▶ [TASK PROMPT] Print the listing below again, exactly. Skip the pictures.

▶ [DATA BELOW]

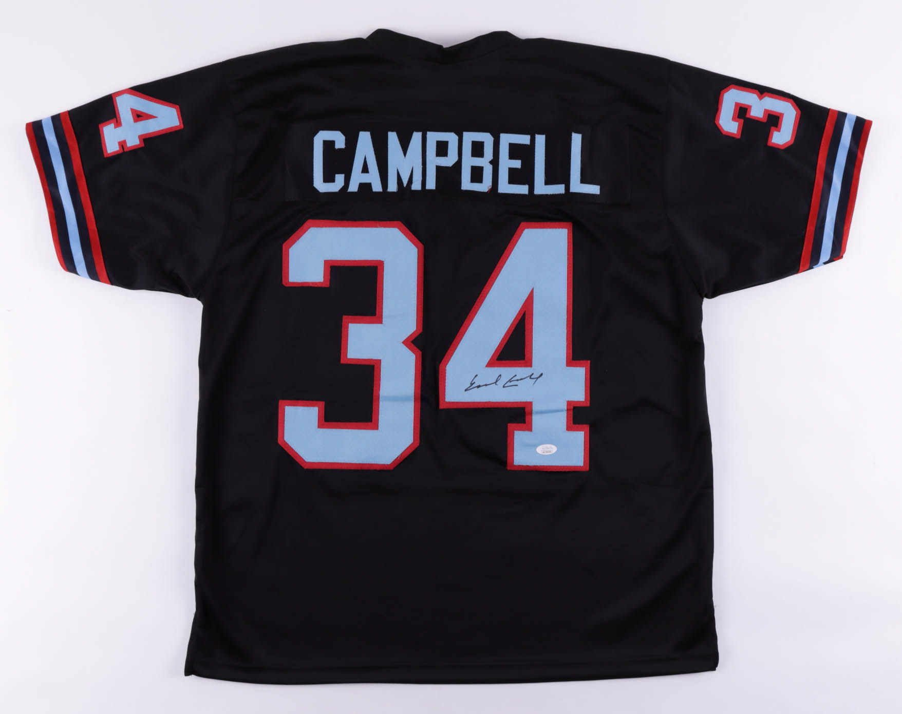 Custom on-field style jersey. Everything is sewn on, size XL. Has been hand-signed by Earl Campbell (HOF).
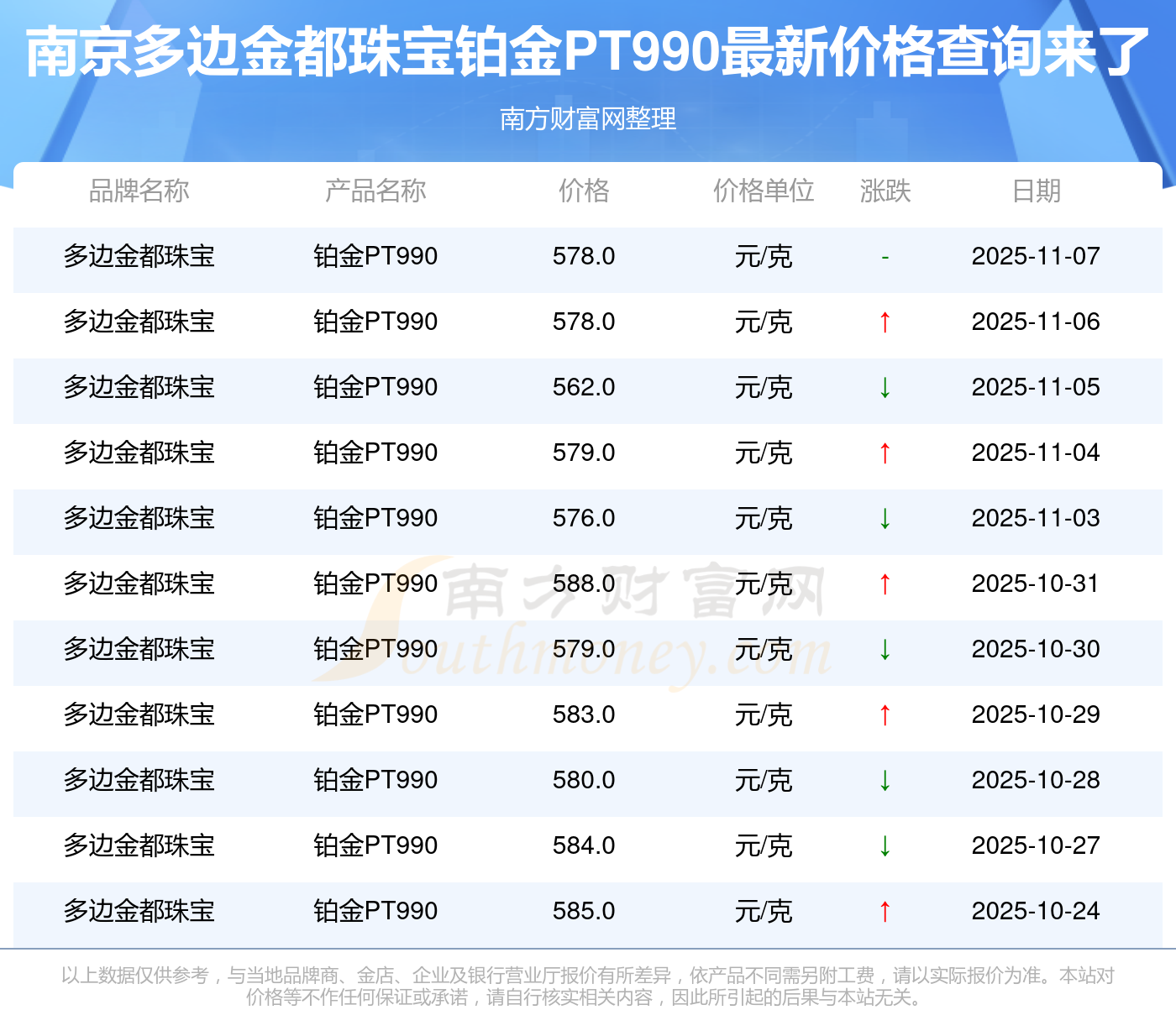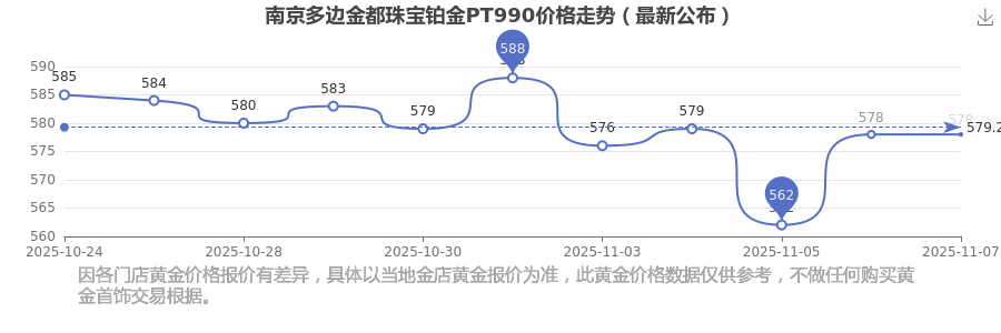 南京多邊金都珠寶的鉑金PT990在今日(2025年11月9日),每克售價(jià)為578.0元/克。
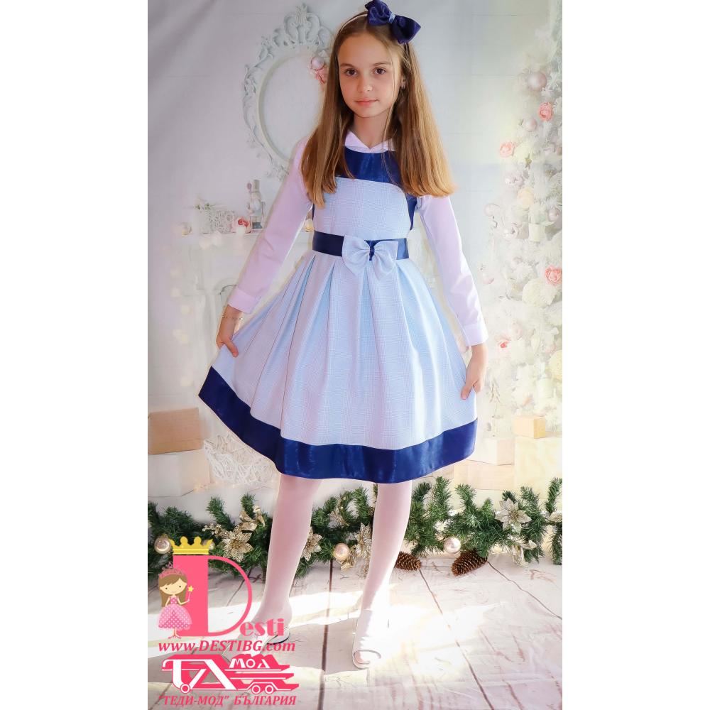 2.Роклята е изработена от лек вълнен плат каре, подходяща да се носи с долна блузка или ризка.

▶ [ANSWER SPACE]
 Custom on-field style jersey. Everything is sewn on, size XL. Has been hand-signed by Earl Campbell (HOF).
 南京多邊金都珠寶的鉑金PT990在今日(2025年11月9日),每克售價(jià)為578.0元/克。
 2.Роклята е изработена от лек вълнен плат каре, подходяща да се носи с долна блузка или ризка.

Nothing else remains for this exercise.